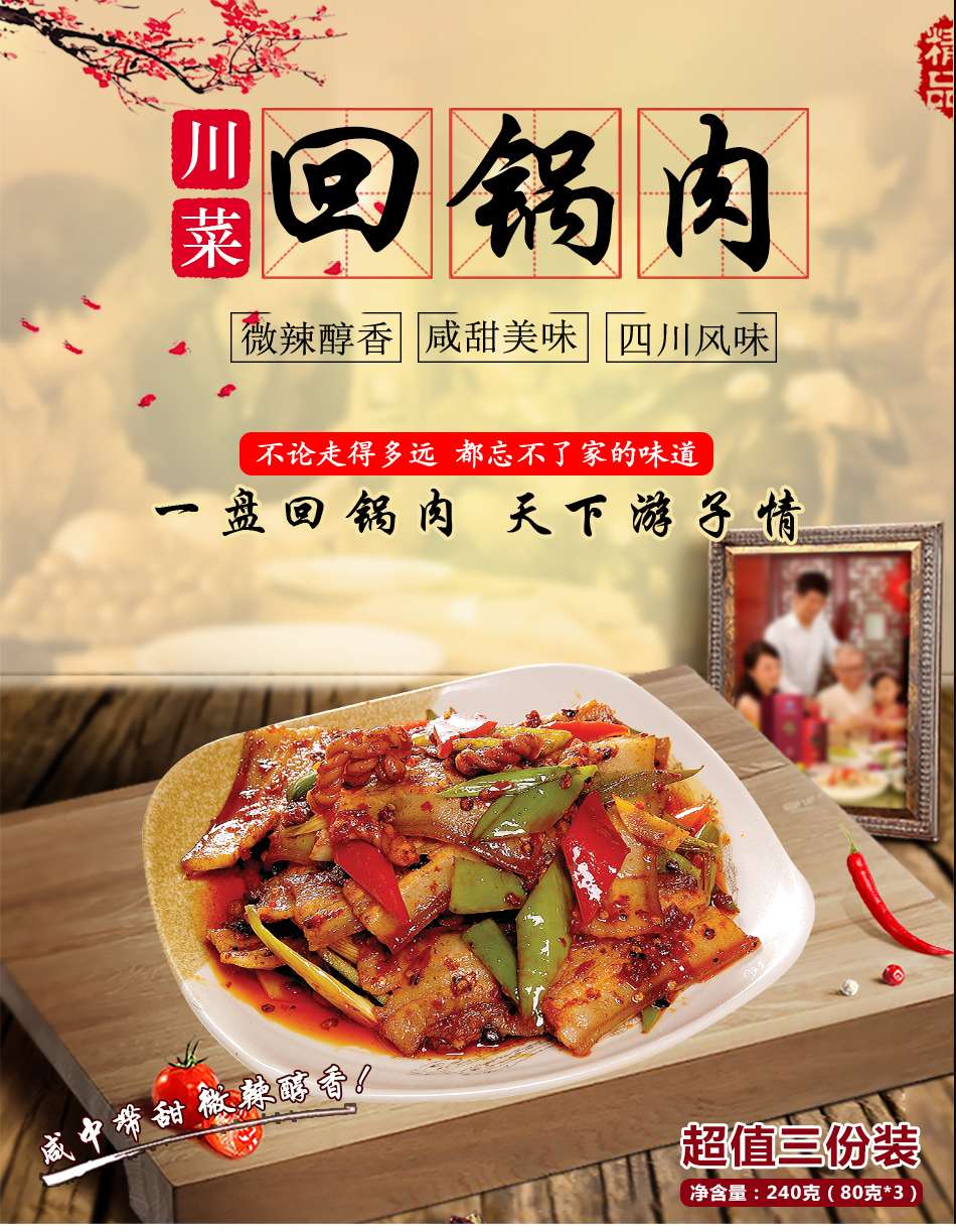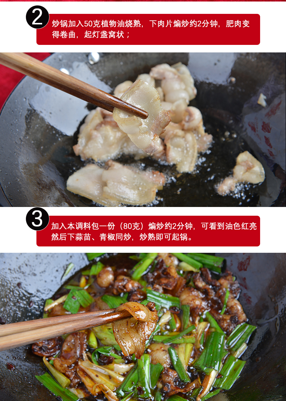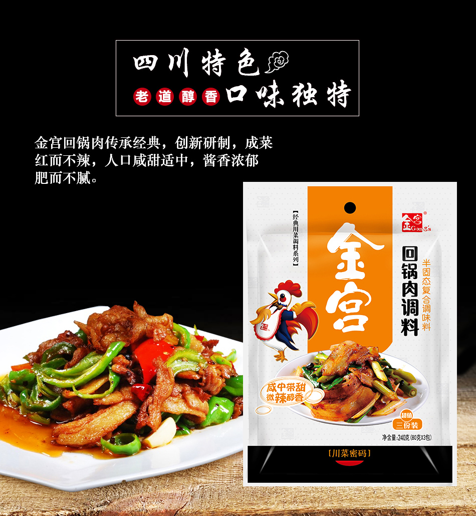 產(chǎn)品簡(jiǎn)介:四川名菜—回鍋肉,古時(shí)即稱"油爆鍋”,成型"燈盞窩”,號(hào)稱"川菜之首”。金宮回鍋肉調(diào)料傳承經(jīng)典,創(chuàng)新研制,成菜紅而不辣,入口咸中回甜,醬香濃郁,肥而不膩。輕松做好四川風(fēng)味回鍋肉,和家人朋友一起分享美味。
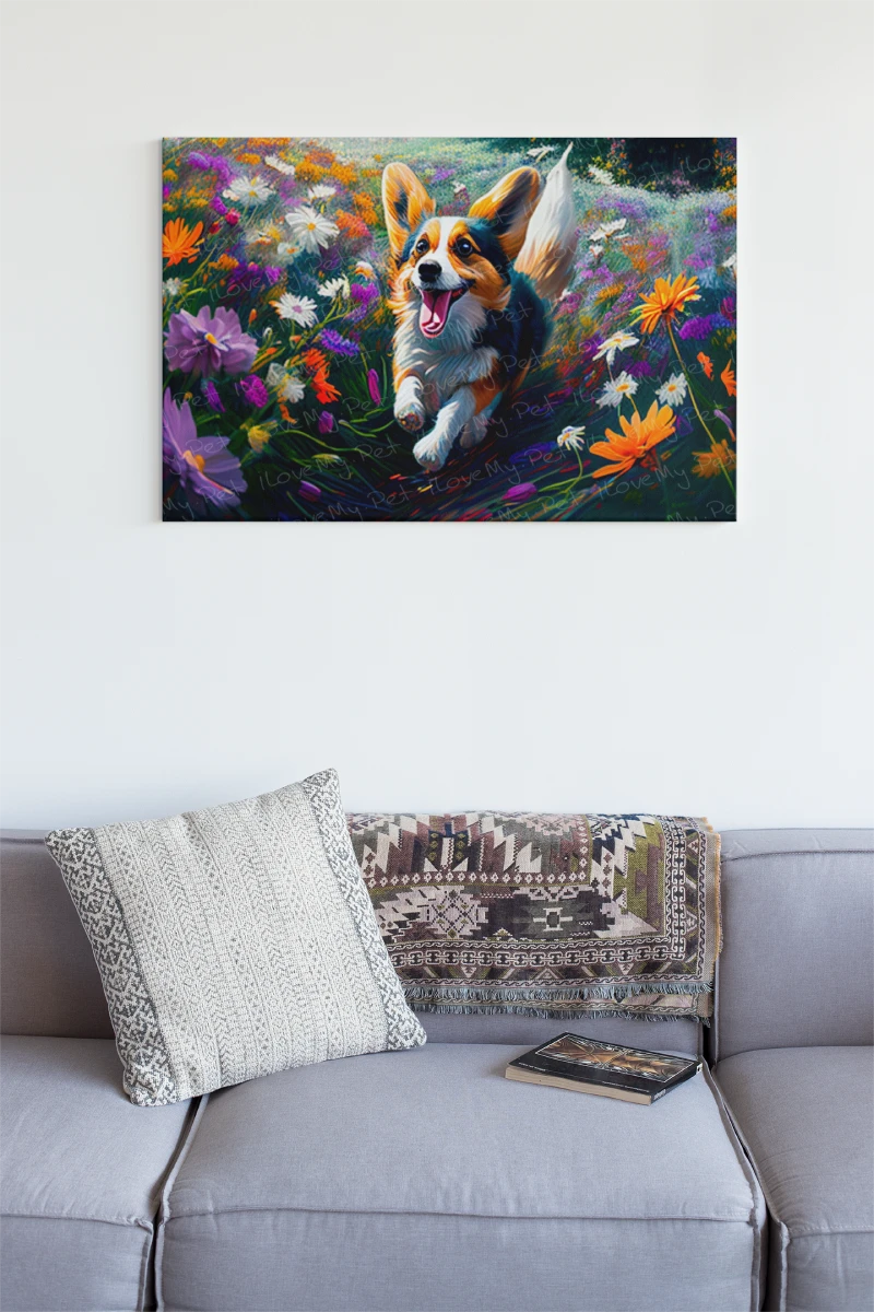 The standout feature of this design is the seamless integration of the Corgi's image with the floral background, evoking a sense of movement and vitality. It's a captivating display of artistry, making it tail-waggingly good Corgi Art for Corgi lovers.
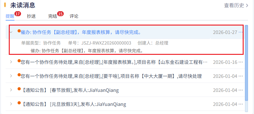 保存后,任務發起人會收到任務完成的消息提醒。如下圖所示:

> Action item: The listing above, line by line: print it exactly, but not its pictures.

> Answer to the exercise:
 產(chǎn)品簡(jiǎn)介:四川名菜—回鍋肉,古時(shí)即稱"油爆鍋”,成型"燈盞窩”,號(hào)稱"川菜之首”。金宮回鍋肉調(diào)料傳承經(jīng)典,創(chuàng)新研制,成菜紅而不辣,入口咸中回甜,醬香濃郁,肥而不膩。輕松做好四川風(fēng)味回鍋肉,和家人朋友一起分享美味。
 The standout feature of this design is the seamless integration of the Corgi's image with the floral background, evoking a sense of movement and vitality. It's a captivating display of artistry, making it tail-waggingly good Corgi Art for Corgi lovers.
 保存后,任務發起人會收到任務完成的消息提醒。如下圖所示:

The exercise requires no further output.